Liputan6.com, Jakarta - PT PLN (Persero) mengungkapkan kesulitan terbesar merencanakan Pembangkit Listrik Tenaga Nuklir (PLTN), di antaranya adalah ketidakjelasan biaya modal, limbah radio aktif (radioactive waste management) dan decommisioning serta biaya terkait nuclear liability.
"Untuk biaya kapital misalnya, sebuah studi bersama antara PLN dan sebuah perusahaan listrik dari luar negeri pada 2006 mengindikasikan biaya investasi PLTN sebesar US$ 1.700 per kilo Watt (kW) (EPC saja) atau US$ 2.300 per kW (setelah memperhitungkan biaya bunga pinjaman selama konstruksi)," seperti dikutip dari Rencana Usaha Penyediaan Listrik (RUPTL) 2015-2024, Kamis (19/2/2015).
Advertisement
Angka tersebut kini dipandang terlalu rendah, karena menurut berbagai laporan yang lebih baru, biaya pembangunan PLTN pada beberapa negara telah mencapai angka jauh lebih tinggi.
Dalam feasibility study PLTN yang dilaksanakan oleh PLN dengan dibantu konsultan luar negeri pada 2014, diperoleh biaya investasi PLTN sekitar US$ 6.000 per kW.
Semakin mahal harga energi fosil dan dengan semakin nyata ancaman perubahan iklim global sebagai akibat dari emisi karbon dioksida dari pembakaran batubara atau energi fosil lainnya membuat PLTN menjadi sebuah opsi sumber energi yang sangat menarik untuk ikut berperan dalam memenuhi kebutuhan listrik di masa depan.
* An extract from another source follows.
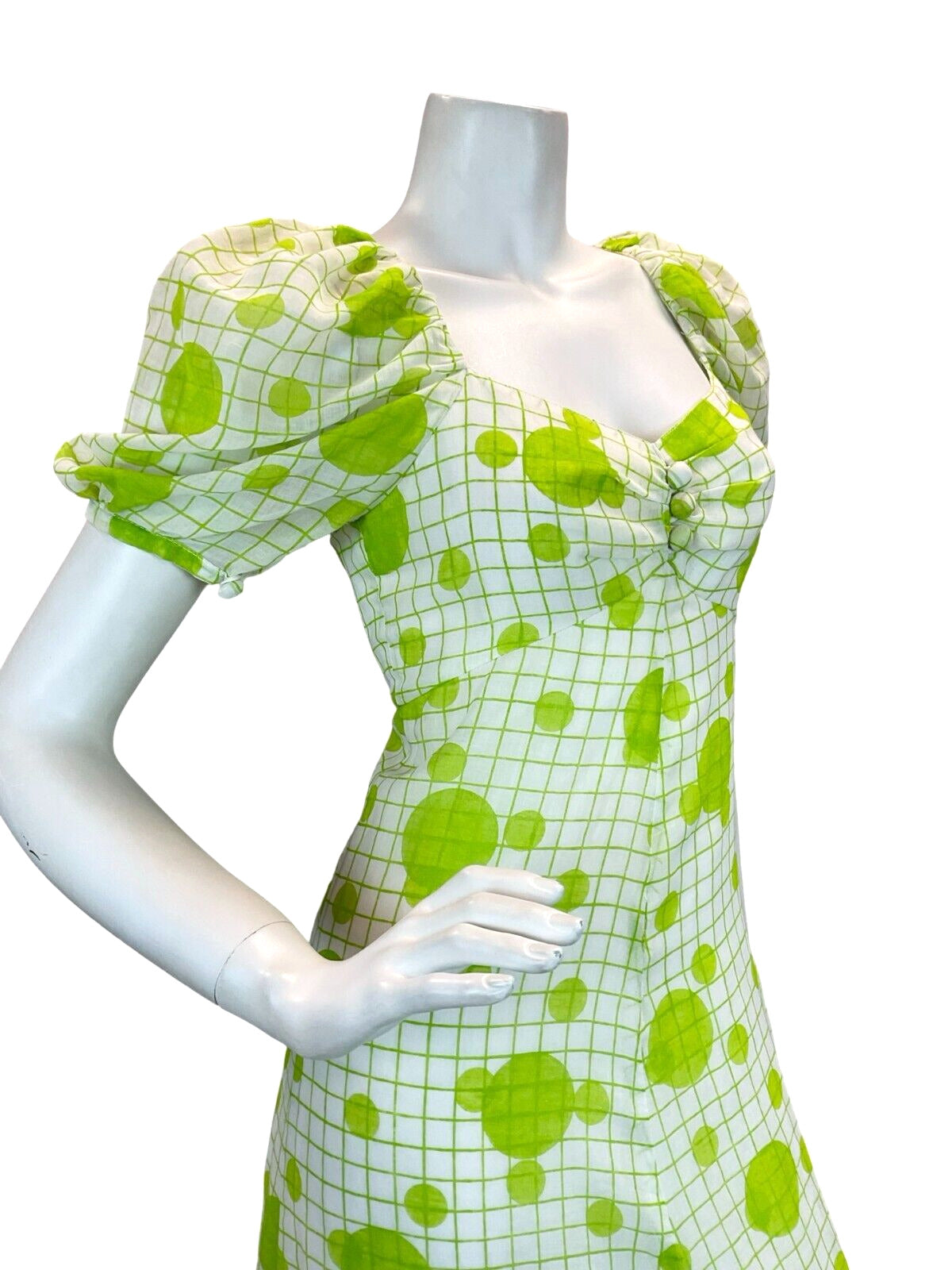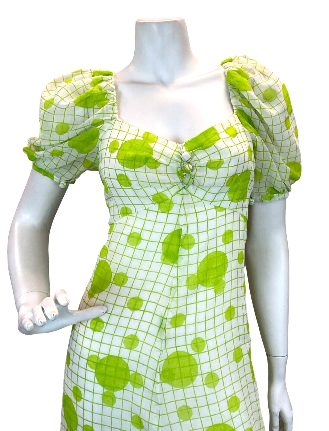 VTG GLAM FESTIVAL LINEN WHITE GREEN GRID DOT EMPIRE MAXI DRESS 8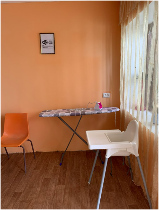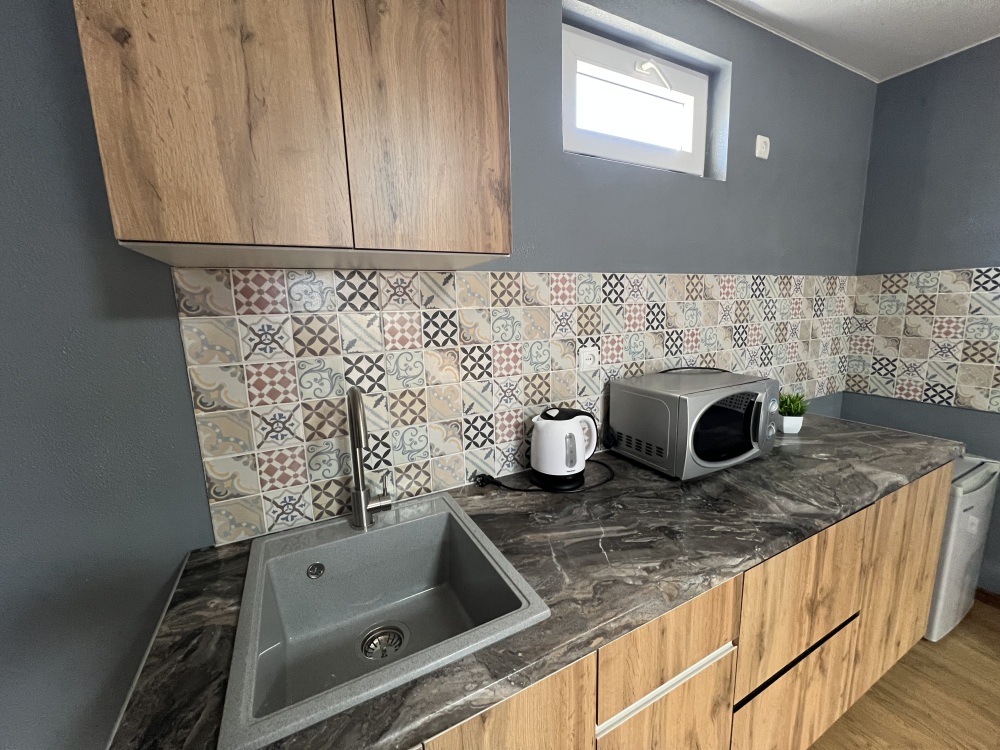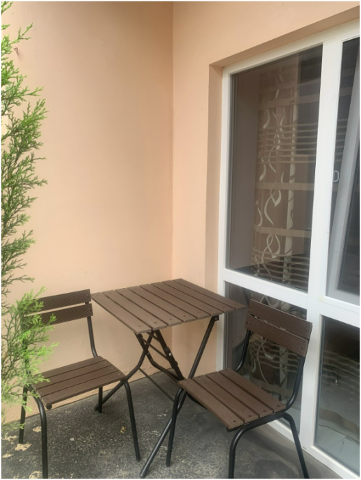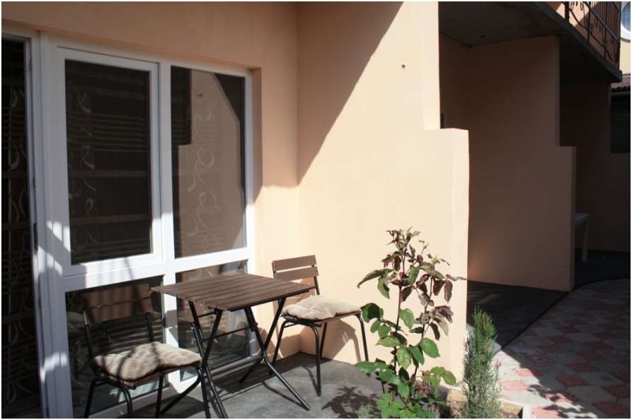 двухкомнатный номер расположен на первом этаже, со своей верандой и со столиком. В номере своя кухня с электроплитой.

Apalagi bila biaya proyek, biaya pengelolaan waste dan biaya decommisioning telah menjadi semakin jelas. Namun perlu disadari, pengambilan keputusan untuk membangun PLTN tidak semata-mata didasarkan pada pertimbangan keekonomian dan profitability, namun juga pertimbangan lain seperti aspek politik.